Aug 27, 2012 3:06:45 PM com.hazelcast.impl.ConcurrentMapManager
WARNING: [127.0.0.1]:5701 [dev] Still no response! Request{name='c:user',CONCURRENT_MAP_TRY_LOCK_AND_GET, callId='16458', redoCount='0', timeout='30000', lockThreadId='92', target='Address[127.0.0.1]:5702', local='true'}
Aug 27, 2012 3:06:45 PM com.hazelcast.impl.ConcurrentMapManager
WARNING: [127.0.0.1]:5701 [dev] Still no response! Request{name='c:user',CONCURRENT_MAP_TRY_LOCK_AND_GET, callId='16562', redoCount='0', timeout='300000', lockThreadId='94', target='Address[127.0.0.1]:5702', local='true'}
Aug 27, 2012 3:06:45 PM com.hazelcast.impl.ConcurrentMapManager
WARNING: [127.0.0.1]:5701 [dev] Still no response! Request{name='c:user',CONCURRENT_MAP_TRY_LOCK_AND_GET, callId='17002', redoCount='0', timeout='300000', lockThreadId='80', target='Address[127.0.0.1]:5702', local='true'}
Aug 27, 2012 3:06:45 PM com.hazelcast.impl.ConcurrentMapManager
WARNING: [127.0.0.1]:5701 [dev] Still no response! Request{name='c:user',CONCURRENT_MAP_TRY_LOCK_AND_GET, callId='17004', redoCount='0', timeout='30000', lockThreadId='78', target='Address[127.0.0.1]:5702', local='true'}
Aug 27, 2012 3:06:46 PM com.hazelcast.impl.ClientHandlerService
WARNING: [127.0.0.1]:5701 [dev] exception during handling CONCURRENT_MAP_PUT: [NONE] Could not acquire resource under transaction! Another thread holds a lock for the key : Data{partitionHash=-921146398} size= 10
com.hazelcast.core.OperationTimeoutException: [NONE] Could not acquire resource under transaction! Another thread holds a lock for the key : Data{partitionHash=-921146398} size= 10
at com.hazelcast.impl.BaseManager$TargetAwareOp.throwTxTimeoutException(BaseManager.java:937)
at com.hazelcast.impl.ConcurrentMapManager$MPut.txnalPut(ConcurrentMapManager.java:1775)
at com.hazelcast.impl.ConcurrentMapManager$MPut.txnalPut(ConcurrentMapManager.java:1759)

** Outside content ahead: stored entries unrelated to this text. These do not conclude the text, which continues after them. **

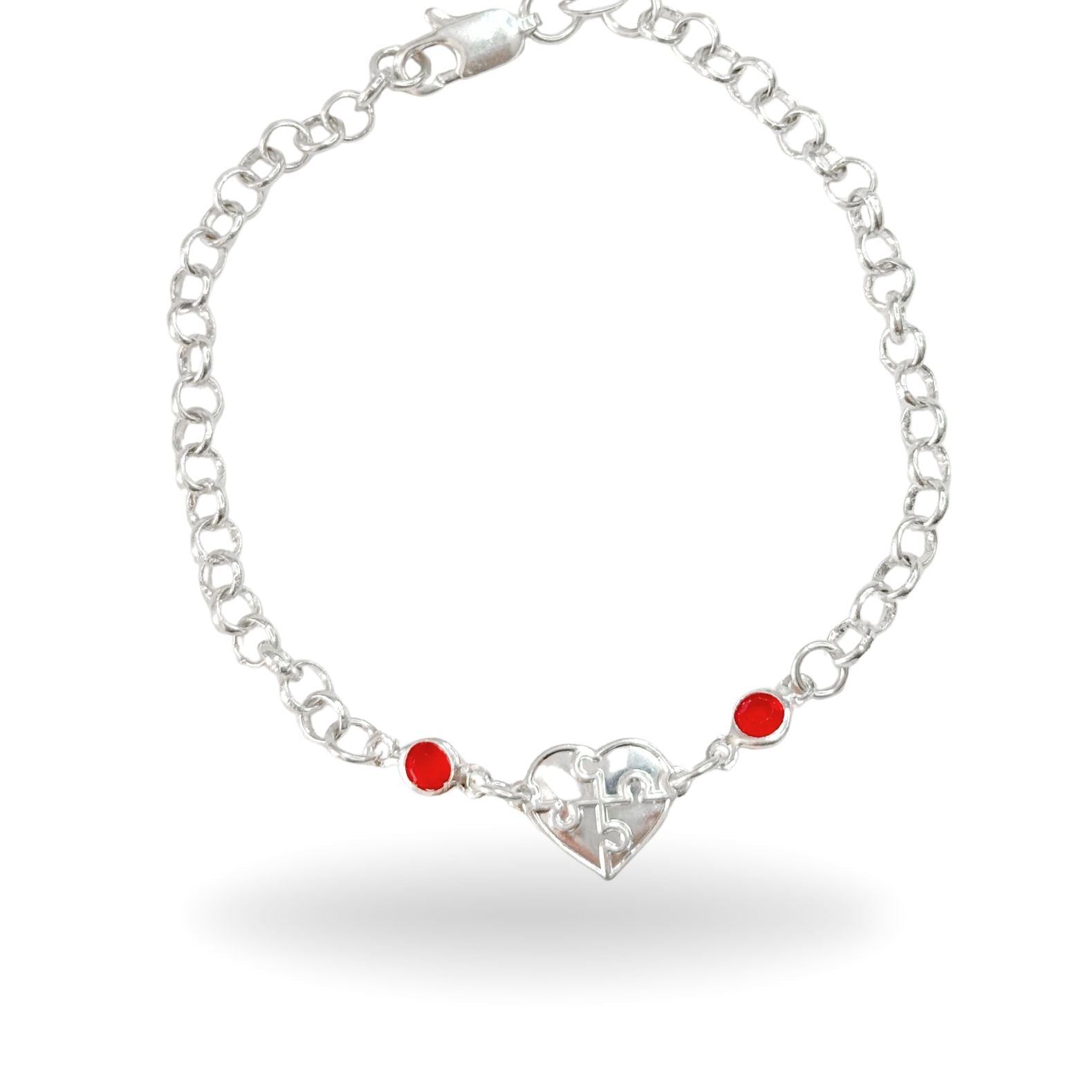 Pulsera de 18cm, con corazones de plata con diseño de puzle. Dos circones color rojo unidos por una fina cadena rolo delgada.
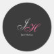 Black Grey Monogram Name Initial Letters Script Classic Round Sticker
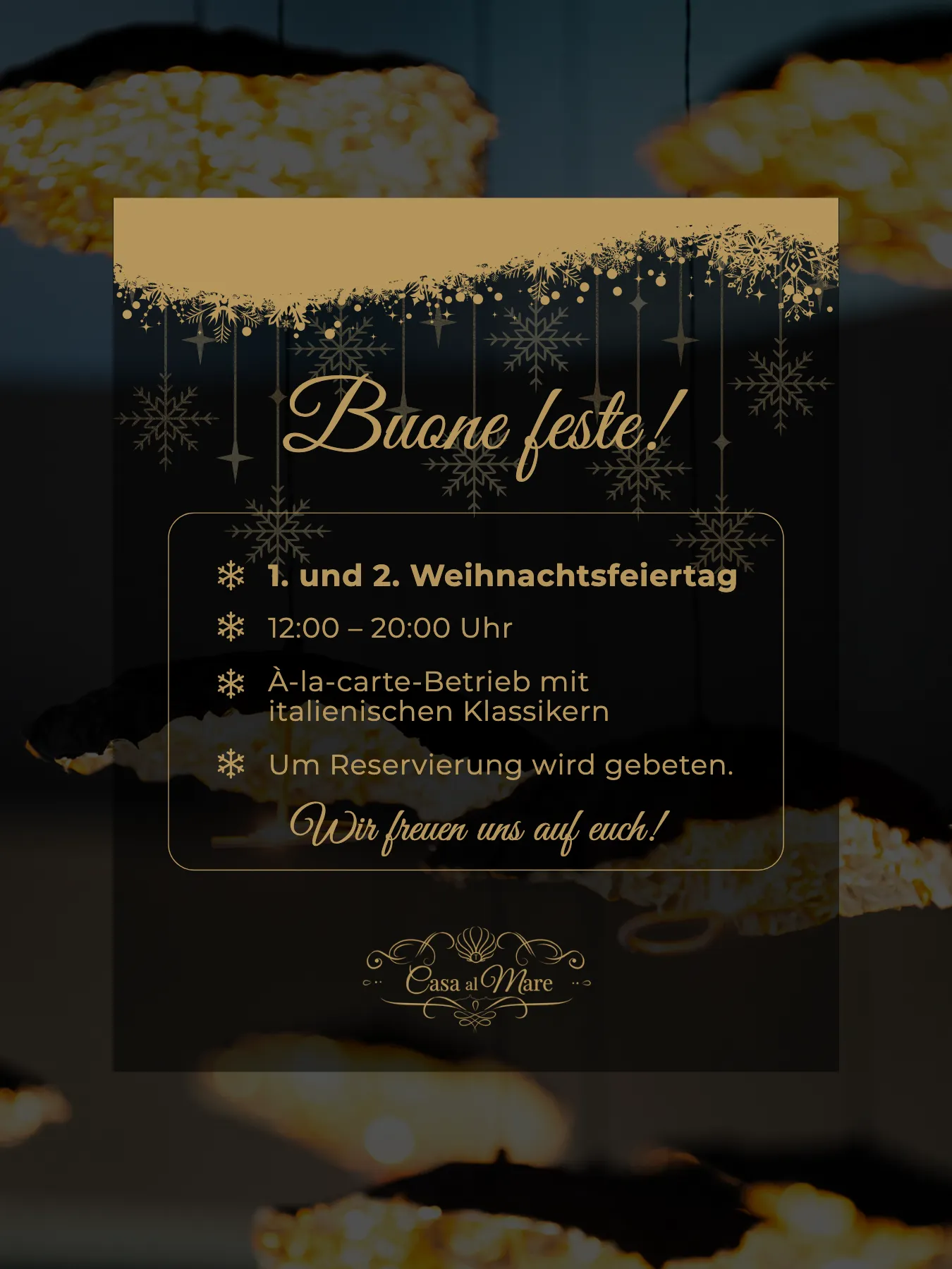 Unser Restaurant bietet den idealen Rahmen für unvergessliche Anlässe. Ob im kleinen Kreis oder in festlichem Rahmen – wir gestalten Ihre Feier mit kulinarischer Vielfalt und dem besonderen Ambiente direkt am Meer.
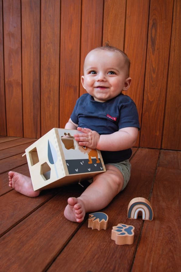 Plaats de juiste voetafdrukken van de leeuw en krokodil bij het juiste diertje met deze houten vormenstoof van Tryco! Daarna mogen ook de andere vormpjes in de juiste opening gestopt worden.
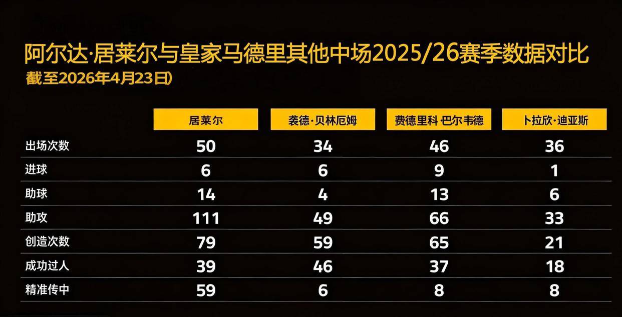 เมื่อเวลา 03.00 น. ของวันที่ 16 เมษายน 2026 ตามเวลาปักกิ่ง สกอร์ของสนามกีฬาอลิอันซ์ ได้รับการแก้ไขที่ 4-3 เรอัล มาดริด ถูกไล่ออกจากรอบรองชนะเลิศแชมเปี้ยนส์ลีก โดย บาเยิร์น มิวนิค ด้วยสกอร์รวม 4-6 เด็กชายตุรกีวัย 21 ปีล้อนอยเออร์ด้วยลูกเทนนิสใน 35 วินาที และในนาทีที่ 30 เขาใช้ฟรีคิกในโลกเพื่อปิดปากทั้งเยอรมนี ชื่อของเขาคือ Arda Gulair และในฤดูกาลนี้ทำให้เรอัล มาดริดทำ 14 แอสซิสต์สูงสุดในทีม ในทางกลับกัน Mbappe ซึ่งมีมูลค่า 200 ล้าน เพิ่งส่งบันทึกส่วนตัว 23 ประตูและ 4 แอสซิสต์ในลาลีกา แต่เขาสามารถนำทีมไปสู่สี่ฤดูกาลแรกที่ว่างเปล่าในรอบเกือบสิบปีเท่านั้น

at com.hazelcast.impl.ConcurrentMapManager$MPut.put(ConcurrentMapManager.java:1628)
at com.hazelcast.impl.MProxyImpl$MProxyReal.put(MProxyImpl.java:618)
at com.hazelcast.impl.MProxyImpl$MProxyReal.put(MProxyImpl.java:597)
at com.hazelcast.impl.MProxyImpl.put(MProxyImpl.java:170)
at com.hazelcast.impl.MProxyImpl.put(MProxyImpl.java:121)
at com.hazelcast.impl.ClientHandlerService$MapPutHandler.processMapOp(ClientHandlerService.java:934)
at com.hazelcast.impl.ClientHandlerService$ClientMapOperationHandlerWithTTL.processCall(ClientHandlerService.java:1634)
at com.hazelcast.impl.ClientHandlerService$ClientOperationHandler.handle(ClientHandlerService.java:1586)
at com.hazelcast.impl.ClientRequestHandler$1.run(ClientRequestHandler.java:57)
at com.hazelcast.impl.ClientRequestHandler$1.run(ClientRequestHandler.java:54)
at com.hazelcast.impl.ClientRequestHandler.doRun(ClientRequestHandler.java:63)
at com.hazelcast.impl.FallThroughRunnable.run(FallThroughRunnable.java:22)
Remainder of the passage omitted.